Countries with efficient management and effective plans tackle emergency situations with just 10 per cent overcapacity, experts said.
‘By 2024–25, the actual power overcapacity will reach 67 per cent,’ said Consumers Association of Bangladesh energy adviser Professor Shamsul Alam.
‘It simply does not make any sense — the continued expansion of power generation capacity,’ he added.
The Institute for Energy Economics and Financial Analysis in an analysis in early 2020–21 warned that if power capacity use was not increased by 10 per cent year-on-year the power overcapacity in 2024—25 would cross 60 per cent.
With 99.75 per cent area of the country already electrified, finding consumers for additional 6,100MW electricity in less than four years would be next to impossible, especially when industries largely produce their own power, experts said.
Frequent power outages and voltage fluctuations due to inadequate transmission and distribution systems keep industries away from the national electricity grid.
The expansion of transmission and distribution networks could not cope with the expansion in power generation capacity.
Half of the capacity of the 1,320MW Payra Thermal Power Plant, the country’s largest power plant, could not be used as transmission lines could not be built though the plant became fully operational in 2020–21.
The unused capacity of the Payra plant costs the nation at the rate of Tk 2,000 crore a year.
The other half of the Payra plant in use often remains underused due to lack of demand.
‘Sometimes during winter, when power demand slumps, we cannot operate at full capacity,’ said Payra project director Shah Abdul Moula.
In winter, the maximum power demand in Bangladesh comes down to about 8,000MW.
The entire capacity of the 1,320MW Rampal power plant, likely to be in operation early next year, will possibly remain unused for a year, if not more, for its transmission lines construction is unlikely to complete in 2022.
A year of unused capacity at the Rampal power plant is estimated to cost the country Tk 2,000 crore annually in capacity charge.
In 2022–23, two more power plants, each having 1,320MW capacity, will become operational along with the country’s first-ever nuclear power plant with 2,160MW capacity.

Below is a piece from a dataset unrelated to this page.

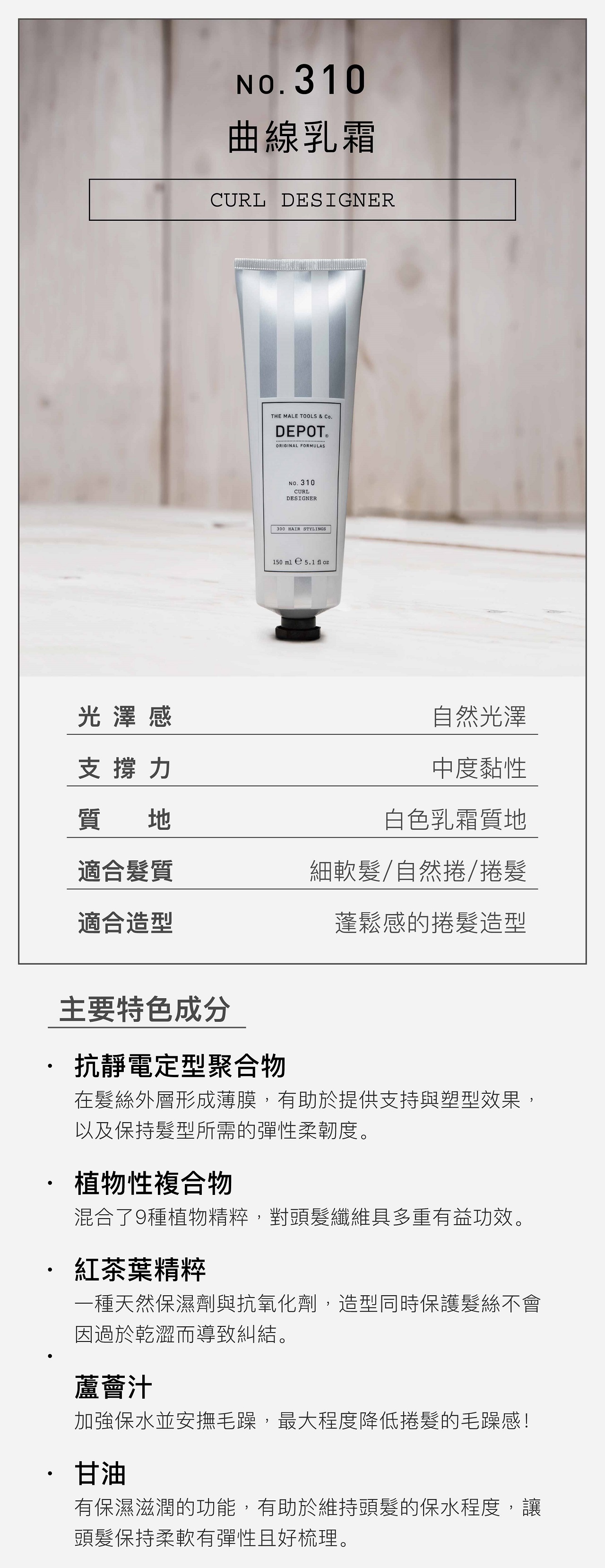 ✔ 頭髮增添亮澤、消除毛躁並有助於維持造型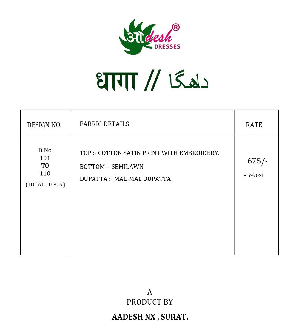 Buy Online Dhaga By Aadesh Cotton Embroidered Suits Wholesale Supplier Gujarat 10 Pcs of Full Catalogue at Wholesale Price. Looking for Dhaga By Aadesh Cotton Embroidered Suits Wholesale Supplier Gujarat Full Catalouge at Best Price? Buy Now Dhaga By Aadesh Cotton Embroidered Suits Wholesale Supplier Gujarat at Wholesale Rate of Rs 6750 with Total 10 Pcs from authroized dealer and supplier of Brand. Cost of Each piece is just only Rs 675 which is very low and affordable price to resale the product in your retail store ,This is Surat based Wholesale Supplier & Dealer of Brand. Click on Brand name to Know more about Brand's products.Call or Whatsapp on 9898838984 for booking or enquiry

‘We don’t need any new power plant,’ said Centre for Policy Dialogue research director Khondaker Golam Moazzem as he also demanded the cancellation of the provision for paying capacity charge.
‘Going by the latest official estimate,’ he said, ‘it is possible to meet the maximum power demand projected for 2024–25 with the existing installed capacity and still have 11 per cent overcapacity.’
Bangladesh can shed about 2,000MW overcapacity by discarding rental and quick rental power plants, he said.
At least 19 of the highly expensive rental and quick rental power plants, mostly small peaking power plants, introduced in 2008 for maximum five years under special circumstances, are still in operation, increasing power generation cost.
As countries scrambled for taking things back to the pre-pandemic state, a sudden surge in energy demand has increased power production cost globally.
The withdrawal of the world from coal as a source of energy has also pushed Bangladesh, still with little interest in renewable energy, to rely more on liquefied natural gas, which saw unprecedented high prices lately.
‘In the past two years, Bangladesh hardly met half of its gas demand, even after importing LNG,’ said Bangladesh Working Group on External Debt member secretary Hasan Mehedi.
‘Many of the power plants being built will end up stranded asset soon,’ he said.
The government has always defined its power overcapacity as emergency reserve or defended it as a way of addressing fluctuations in the power demand between hours in a day and among seasons.
‘A 44 per cent overcapacity is not unreasonable for a country like ours which seeks to keep space for switching between energy sources depending on their prices,’ said power cell director general Mohammad Hossain.
Regarding the capacity charge, he said that it was introduced so that power producers got a return on their investment in building infrastructure.
Power plant construction is often contracted out without bidding under the power of a law indemnifying such practice.